Respondent policemen in the first petition accuse petitioner Fianza of issuing illegal orders
pertaining to transfers of assignment and dropping from the rolls without any formal investigation.
They accuse him of issuing these orders in retaliation for their raids on jueteng operations protected
by him.
The merits of the case are not disputed in the instant petition. What is at issue is where the case
should be adjudicated.
Though the policemen impute ill motives to petitioner for issuing illegal orders, there is no question
that the principal and basic issue is the wrongful issuance of such order. In other words, accusations
of "coddling" or protecting jueteng operators do not alter the fact that the main dispute refers to the
ensuing transfer and dismissal orders issued by respondent policemen's superiors in the PNP.
We pointed out earlier that the Chief of the PNP and his subordinates
have the power to transfer and utilize PNP personnel in accordance with their strategy. 28 The
issuance of the questioned orders comes within the purview of the abovementioned power. Hence, the
propriety or illegality of the orders should be raised before the proper superiors or commanding
officers 29 and not before a civilian body like the PLEB. To repeat, nowhere in the law creating the PLEB is
this power or function mentioned. 30
For the foregoing reasons, We rule that the PLEB has no jurisdiction over the complaint lodged
against petitioner Fianza by respondent policemen.

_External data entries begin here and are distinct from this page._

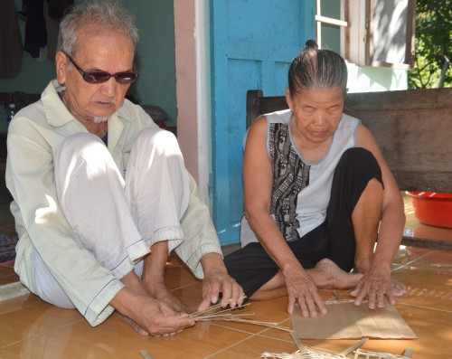 Trong căn nhà cấp bốn rợp bóng cây xanh, êm đềm nghe tiếng chim ca ngày ngày này, có một đôi vợ chồng đã ở cái tuổi bóng xế là ông Bùi Xuân Hồng (79 tuổi) và bà Trương Thị Dưỡng (71 tuổi, phường Sơn Phong, TP.Hội An) vẫn coi việc đùm bọc, cưu mang những mảnh đời khốn khó không nơi nương tựa, hay những người đồng cảnh mù lòa với mình là niềm vui sống mỗi ngày. Nở nụ cười hiền đón khách khi trên tay, ông Hồng vẫn đang tỉ mẩn bện từng sợi dây làm chiếc quạt tre để mang ra chợ bán, còn bà đang dán từng tờ giấy làm thành chiếc quạt nhỏ xing. Tạm gác lại công việc đang dở dang, ông bà đến bên chiếc bàn để ở trước sân nhà rót nước mời khách rồi chậm rãi kể về câu chuyện của cuộc đời mình.
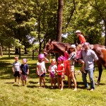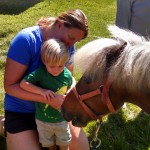 We start ’em early!! Here’s Mason learning how to feed the horses and then visiting with each to say hello. His favorite: Chevy!!!!!!
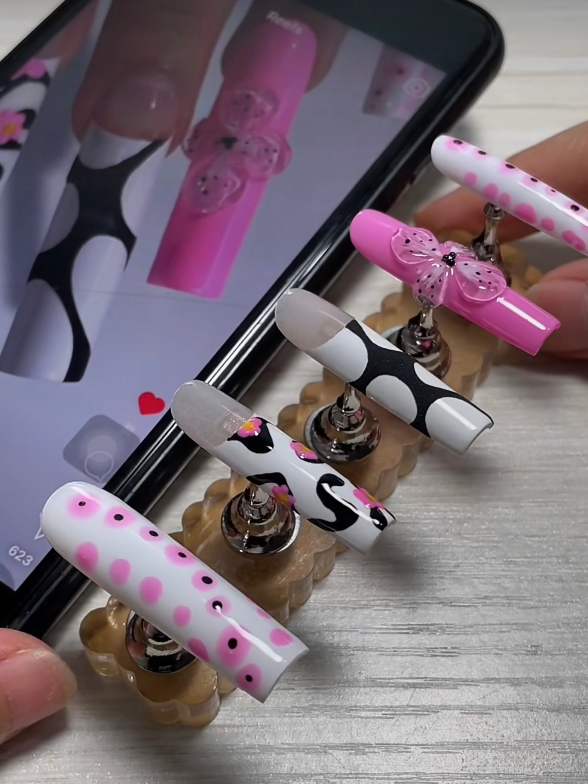 STEP2: Upload clear target nails picture and we will remake it as press on for you. ( Any design from Influencies/ celebrities/ salon manicure )

A close scrutiny of the second petition (G.R. No. 109639) discloses that the administrative
case 31 was for threats made by a superior officer of the PNP against another PNP policeman who is not
under his command.
Again, the same cannot be considered as citizen's complaint because the conduct complained of
pertains to their work and offices. That the alledged threats were made in connection with private
respondent policeman's position is shown by the following allegation in his complaint:
. . . he pointed his right forefinger at me and shouted the following and I quote:
"SIKA, NO SAAN DA NGA AG-REPORT KANIAK IDIAY OPISINA, ITULOY KO DIAY
ILLEGAL SEARCH NGA DEMANDA KANYAM"; meaning: YOU, IF YOU WILL NOT
REPORT TO MY OFFICE, I WILL CONTINUE THE ILLEGAL SEARCH CHARGES
AGAINST YOU;
xxx xxx xxx
Although complainant below was a policeman who did not belong to petitioner Cordoviz' command,
the controversy between them continues to be a festering internal disciplinary matter. Who can
better understand the standard of conduct imposed in the PNP than the members of the PNP
themselves? Certainly, it is doubtful whether a civilian body like the PLEB can better police the ranks
of the policeman. Accordingly, we rule that the complaint, like in the preceding case, is one which
properly lodged with their common superior or commanding officer and not with the PLEB.

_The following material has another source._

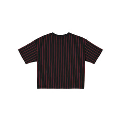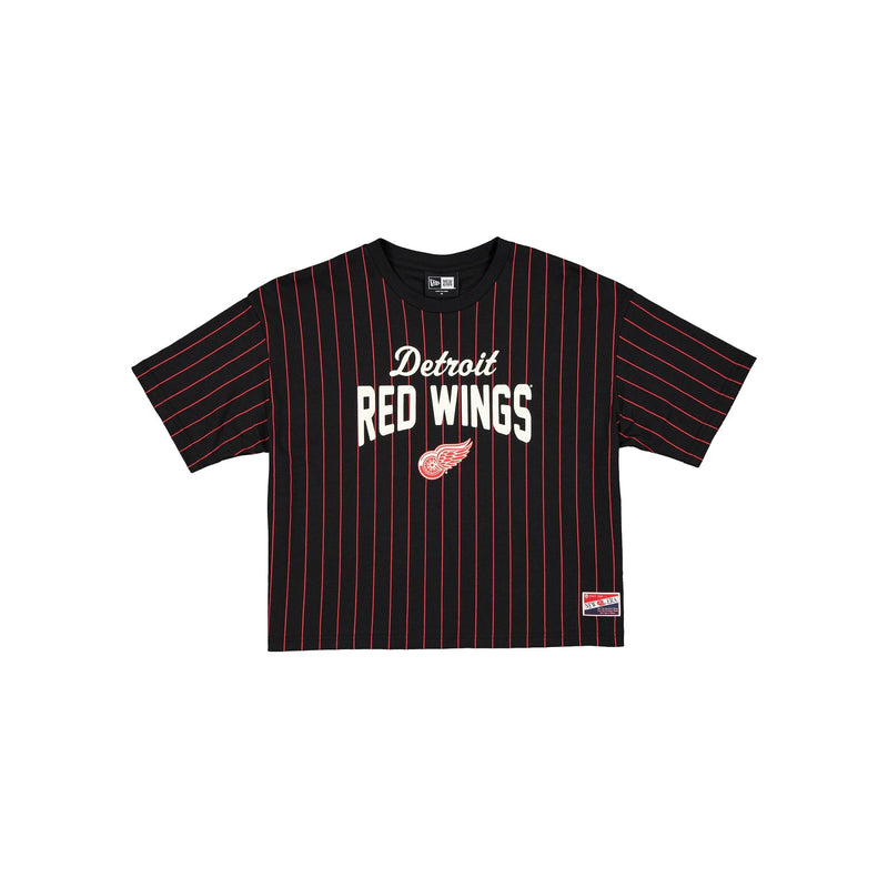 The Detroit Red Wings Throwback Women's Pinstripe T-Shirt features a screen-printed Red Wings wordmark and logo at the front with a New Era jock tag at the left hip.

WHEREFORE, the petitions are hereby GRANTED. The People's Law Enforcement Board of Baguio
is directed to CEASE and DESIST from further trying Administrative Case No. 007-92 (Jesus Mason,
et al. v. Supt. Florencio Fianza and Supt. Camilo Dugayen) and Administrative Case no. 042-92 (Pat.
Ray Ekid v. Col. July Cordoviz).
SO ORDERED.
Narvasa, Feliciano, Padilla, Bidin, Regalado, Davide, Jr., Bellosillo, Melo, Quiason, Puno, Vitug,
Kapunan, Mendoza and Francisco, JJ, concur.